BEGIN

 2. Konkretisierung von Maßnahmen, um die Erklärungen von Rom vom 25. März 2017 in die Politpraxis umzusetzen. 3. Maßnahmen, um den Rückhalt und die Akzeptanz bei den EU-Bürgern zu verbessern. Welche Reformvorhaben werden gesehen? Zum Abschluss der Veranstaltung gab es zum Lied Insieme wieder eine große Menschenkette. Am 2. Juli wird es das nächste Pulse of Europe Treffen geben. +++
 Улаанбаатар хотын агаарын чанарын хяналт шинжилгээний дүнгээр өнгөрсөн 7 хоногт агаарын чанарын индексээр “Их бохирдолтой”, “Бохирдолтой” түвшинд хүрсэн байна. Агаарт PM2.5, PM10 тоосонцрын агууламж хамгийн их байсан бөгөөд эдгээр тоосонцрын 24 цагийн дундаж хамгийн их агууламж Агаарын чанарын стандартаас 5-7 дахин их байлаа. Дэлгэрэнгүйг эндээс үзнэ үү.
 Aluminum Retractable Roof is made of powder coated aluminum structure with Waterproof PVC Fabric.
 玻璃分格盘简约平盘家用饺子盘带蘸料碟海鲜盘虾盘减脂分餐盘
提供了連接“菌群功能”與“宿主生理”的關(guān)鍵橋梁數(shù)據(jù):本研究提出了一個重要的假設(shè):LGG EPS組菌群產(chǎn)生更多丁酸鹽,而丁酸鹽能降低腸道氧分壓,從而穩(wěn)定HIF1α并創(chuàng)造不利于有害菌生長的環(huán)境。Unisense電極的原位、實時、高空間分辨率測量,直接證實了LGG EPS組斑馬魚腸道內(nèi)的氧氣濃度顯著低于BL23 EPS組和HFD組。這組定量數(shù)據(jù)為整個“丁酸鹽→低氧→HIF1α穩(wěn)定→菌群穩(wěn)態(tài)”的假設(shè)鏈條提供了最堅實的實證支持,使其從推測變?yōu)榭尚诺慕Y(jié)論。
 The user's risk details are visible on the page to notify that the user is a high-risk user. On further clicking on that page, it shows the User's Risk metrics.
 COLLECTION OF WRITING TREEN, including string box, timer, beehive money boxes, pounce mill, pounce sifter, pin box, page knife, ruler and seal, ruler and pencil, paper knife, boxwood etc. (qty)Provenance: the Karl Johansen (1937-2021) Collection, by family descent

END
BEGIN

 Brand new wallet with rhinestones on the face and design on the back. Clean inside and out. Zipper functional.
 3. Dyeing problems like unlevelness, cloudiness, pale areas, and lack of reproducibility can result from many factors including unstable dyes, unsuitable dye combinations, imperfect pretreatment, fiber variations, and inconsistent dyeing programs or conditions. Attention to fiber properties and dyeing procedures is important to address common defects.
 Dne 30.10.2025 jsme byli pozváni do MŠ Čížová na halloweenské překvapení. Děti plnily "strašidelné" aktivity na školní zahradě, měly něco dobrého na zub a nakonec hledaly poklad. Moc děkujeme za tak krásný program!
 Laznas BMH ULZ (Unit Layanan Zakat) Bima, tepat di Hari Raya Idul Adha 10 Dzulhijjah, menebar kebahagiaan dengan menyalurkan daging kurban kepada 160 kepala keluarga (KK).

END
BEGIN

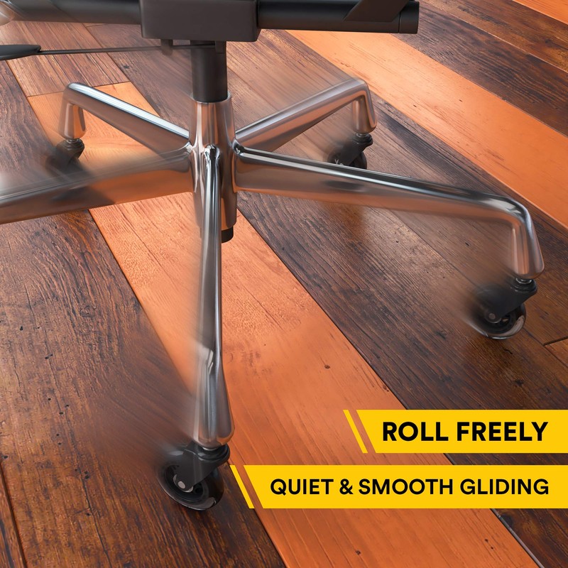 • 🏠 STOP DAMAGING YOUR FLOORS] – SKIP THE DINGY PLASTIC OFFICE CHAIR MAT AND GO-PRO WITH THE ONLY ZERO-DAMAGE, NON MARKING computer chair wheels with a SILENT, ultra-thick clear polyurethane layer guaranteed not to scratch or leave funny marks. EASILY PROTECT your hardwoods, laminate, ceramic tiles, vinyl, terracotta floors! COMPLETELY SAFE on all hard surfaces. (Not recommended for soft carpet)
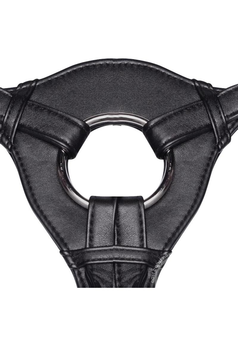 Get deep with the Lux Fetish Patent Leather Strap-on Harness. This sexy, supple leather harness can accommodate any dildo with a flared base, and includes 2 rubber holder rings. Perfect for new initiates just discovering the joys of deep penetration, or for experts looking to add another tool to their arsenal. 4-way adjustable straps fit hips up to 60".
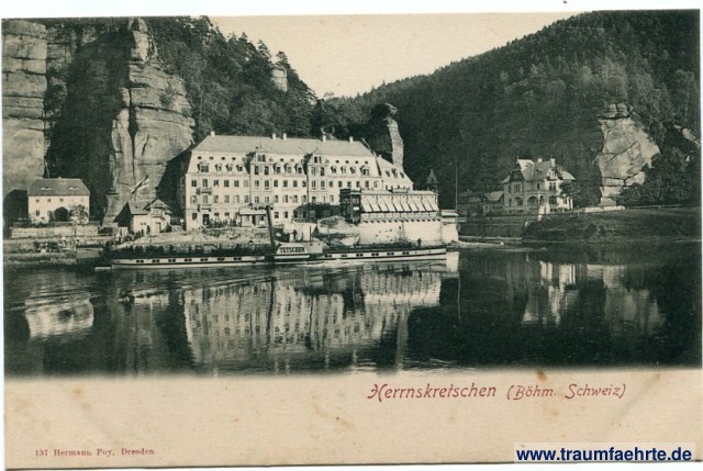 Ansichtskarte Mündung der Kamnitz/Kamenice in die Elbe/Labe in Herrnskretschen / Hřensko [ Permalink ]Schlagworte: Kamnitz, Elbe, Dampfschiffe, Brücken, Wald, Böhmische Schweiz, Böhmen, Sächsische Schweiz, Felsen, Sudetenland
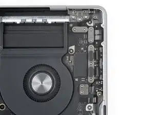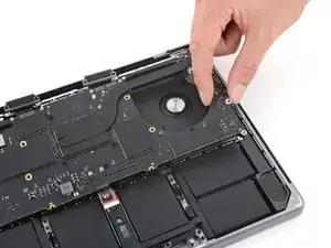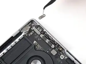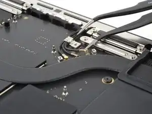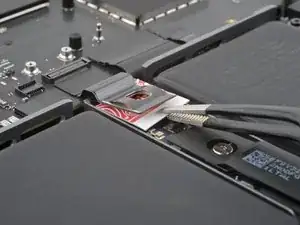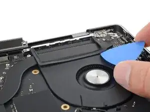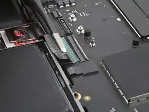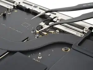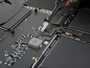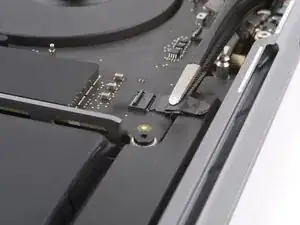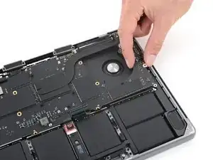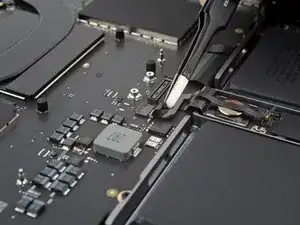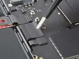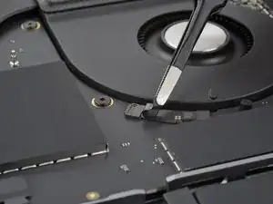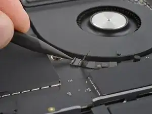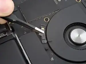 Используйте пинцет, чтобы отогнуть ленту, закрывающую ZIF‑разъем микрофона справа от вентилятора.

END

Task directions
Return the number of lines in the material holding the string "page", and no other text.

Exercise response
2